The doors were no more than four feet high. I ducked through one into a small, rectangular room with a dust floor. It was cool as a cave, and quiet. The door was a square of bright light with the silhouette of Loyd coming through. Even inside the room, the ceiling was low, just inches above my head. I touched it. “People were short back then. Didn’t eat their Wonder bread.”

“They would’ve had to build a special room for you. You would have been their queen.”

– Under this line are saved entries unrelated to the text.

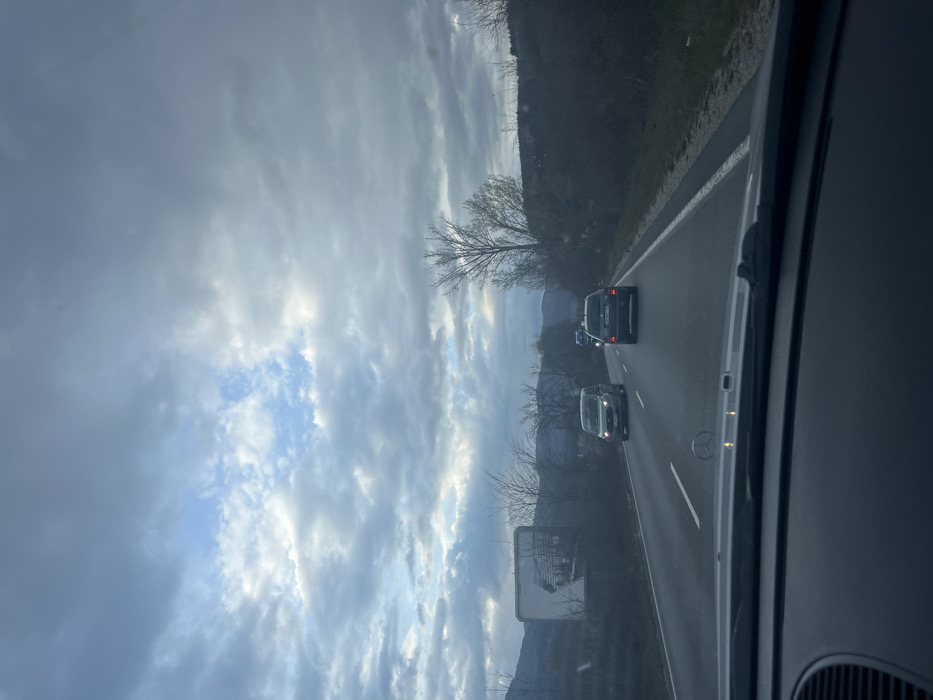 - "The image, captured from the interior of a vehicle displaying a Mercedes-Benz hood emblem, presents a roadway scene in or near Cherniche, Bulgaria, under an overcast sky with fragmented patches of brighter blue and white clouds" by FM-bcBuz2, licensed under CC BY 4.0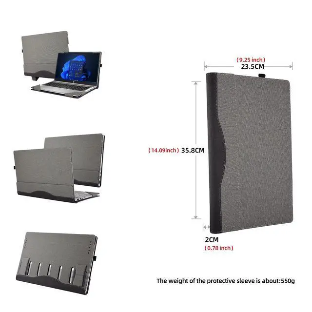 The case size is: 14.09X 9.25X 0.78 inches. Please check your model number for purchase. It does not work with other 15.6 -inch machines. Don't mind buying at will. You can contact us to recommend a protective case for your machine. Thank you. ^^ The case is made of high-quality PU leather, which has a beautiful appearance and a delicate feel; The soft microfiber fleece inner layer better protects the laptop. ^^ Simple installation and removal, anti-scratch protective cover, providing 360-degree protection for the machine ^^ The abrasion-resistant exterior and shock-resistant interior protect your device from dust, impacts, bumps, scratches, scratches, and spills. ^^ Available in a variety of colors. Suitable for various life and work scenarios, such as video conferencing, watching movies, business office...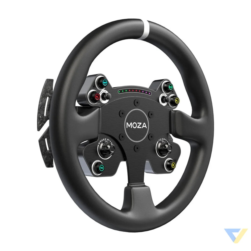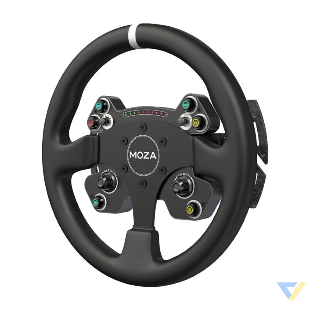 Meet the Moza Racing CS V2P - a professional gaming steering wheel designed for the most demanding simracing fans. Equipped with a 13-inch aluminum rim, magnetic forged carbon fiber paddles, programmable mechanical buttons and sequential RGB LED indicator, it guarantees a realistic and fully controlled driving experience. MOZA's innovative Invisible Connect wireless technology and Quick Release mounting system make it a piece of equipment that impresses with quality, functionality and reliability. If you're looking for a tool that will take your racing to the next level, you've just found it!

I laughed, though it struck me I’d been complimented. Was that how Loyd saw me? Not as a grain elevator on the prairie, but a queen? At the back of the room a door led into another room, which was darker, having no openings to the outside. Two more doors led out of that room-one to the side, and one up through the ceiling, which was made of thick, curved trunks of small trees. There was another whole set of rooms on top of this one.

“Can we go upstairs?”

He shook his head. “I wouldn’t trust those beams. They’re kind of old.”

“How old?”

“Eight hundred years.”

I looked at him. “Are you kidding?”

“Nope.”

We went from room to room, changing directions in the dark until the compass points were entirely lost to me. It was a maze. Loyd said there were more than two hundred rooms-a village under one roof. The air smelled cold. I tried to imagine the place populated: stepping from room to room over sleeping couples, listening through all the noises of cooking and scolding and washing up for the sound of your own kids, who would know secret short cuts to their friends’ apartments.

“The walls are thick,” I observed.

“The walls are graveyards. When a baby died, they’d mortar its bones right into the wall. Or under the floor.”

I shuddered. “Why?”

“So it would still be near the family,” he said, seeming surprised I hadn’t thought of this myself.

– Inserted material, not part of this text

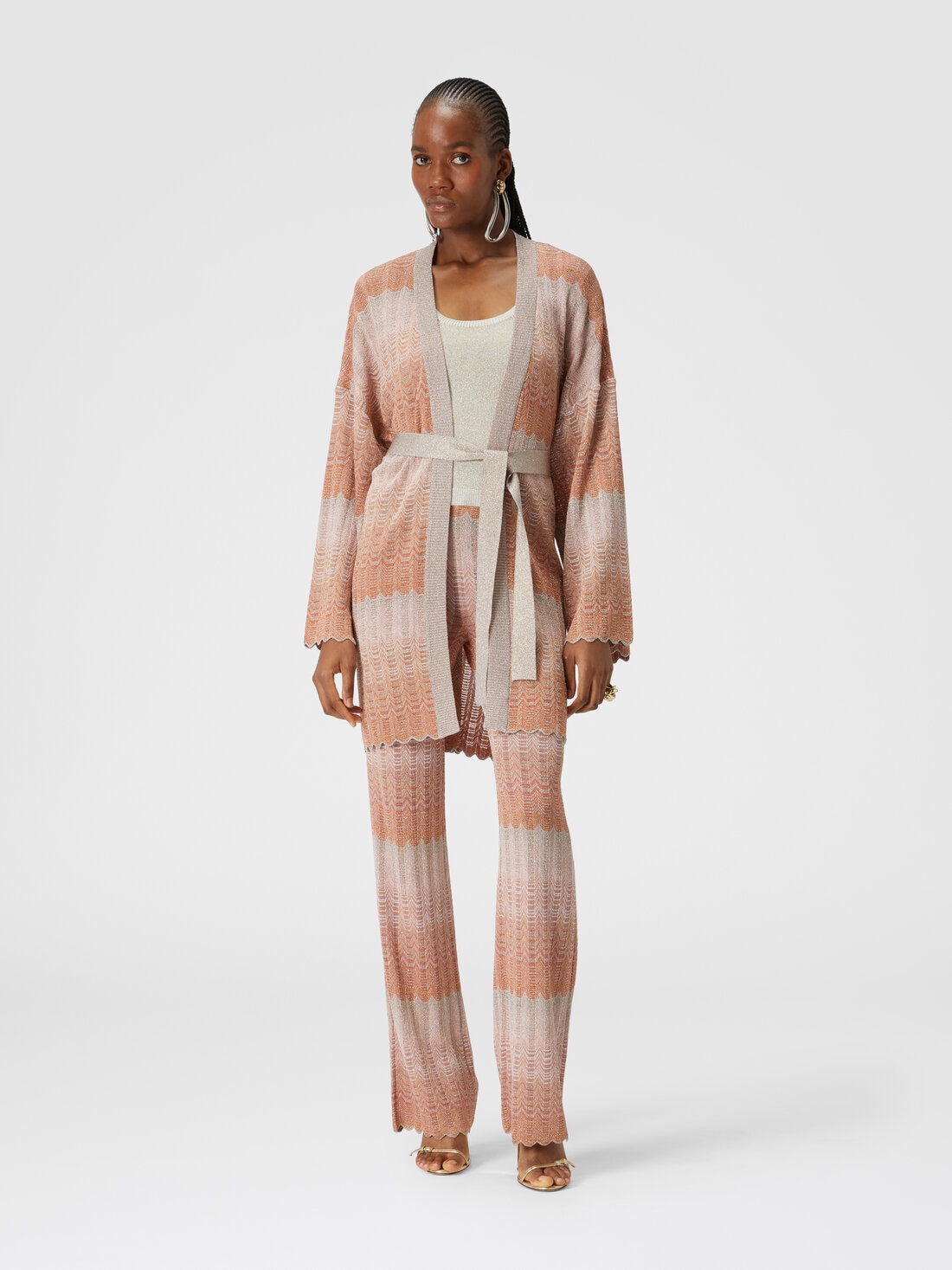 Finished with contrasting piping, the cardigan with belt at the waist and wide sleeves is embellished with a Greek zigzag pattern and lit up by the sparkle of lamé. The profiles of the garment continue the decorative motif, for a result of extreme refinement.

Without warning we came out into a bright courtyard in the center, surrounded by walls and doorways on all four sides. It was completely hidden from the outside-a little haven with a carpet of fine grass and an ancient ash tree. A treasure island. I was drawn to the shade. “We should’ve brought the picnic basket,” I said, settling under the ash. The ground was cool. My brief vision of a living city was gone; it seemed ghostly again. For eight hundred years, those bones in the walls had been listening to nothing more than the dry skittering of lizards.

“We’ve got all day,” Loyd said. He sat about two feet away from me, clasping his hands around his knees and looking at the toes of his boots.

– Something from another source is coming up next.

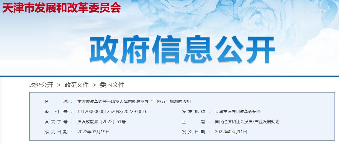 《天津市能源发展“十四五”规划》已经国家能源局批复同意,现印发给你们,请认真贯彻落实,确保完成规划目标任务。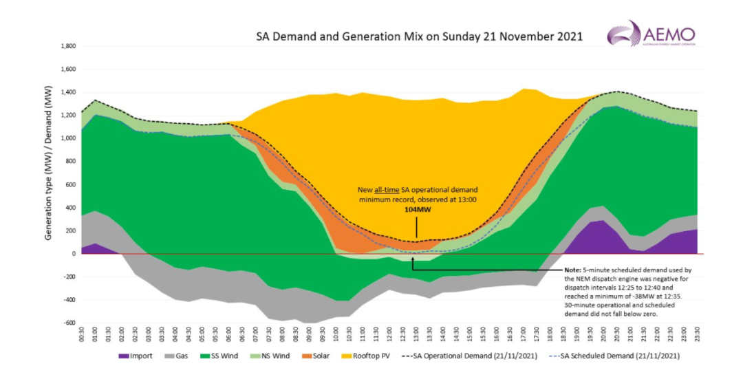 2021年10月,南澳州配電網(wǎng)又多次出現(xiàn)“負(fù)需求”現(xiàn)象(均發(fā)生在周日)。10月31日,當(dāng)?shù)嘏潆娋W(wǎng)的凈負(fù)荷連續(xù)4小時(shí)為負(fù)值,在13:00—13:30的半小時(shí)內(nèi)達(dá)到創(chuàng)紀(jì)錄的-69.4兆瓦,運(yùn)營最低需求僅188兆瓦。2021年11月21日,隨著屋頂光伏出力增加,運(yùn)營最低需求又降至104兆瓦。

“So who built this place, eight hundred years ago?”

“My mama’s folks. The Pueblo. They had their act together back then, didn’t they?”

They did. I couldn’t stop running my eyes over the walls and the low, even roofline. The stones were mostly the same shape, rectangular, but all different sizes; there would be a row of large stones, and then two or three thinner rows, then a couple of middle-sized rows. There was something familiar about the way they fit together. In a minute it came to me. They looked just like cells under a microscope.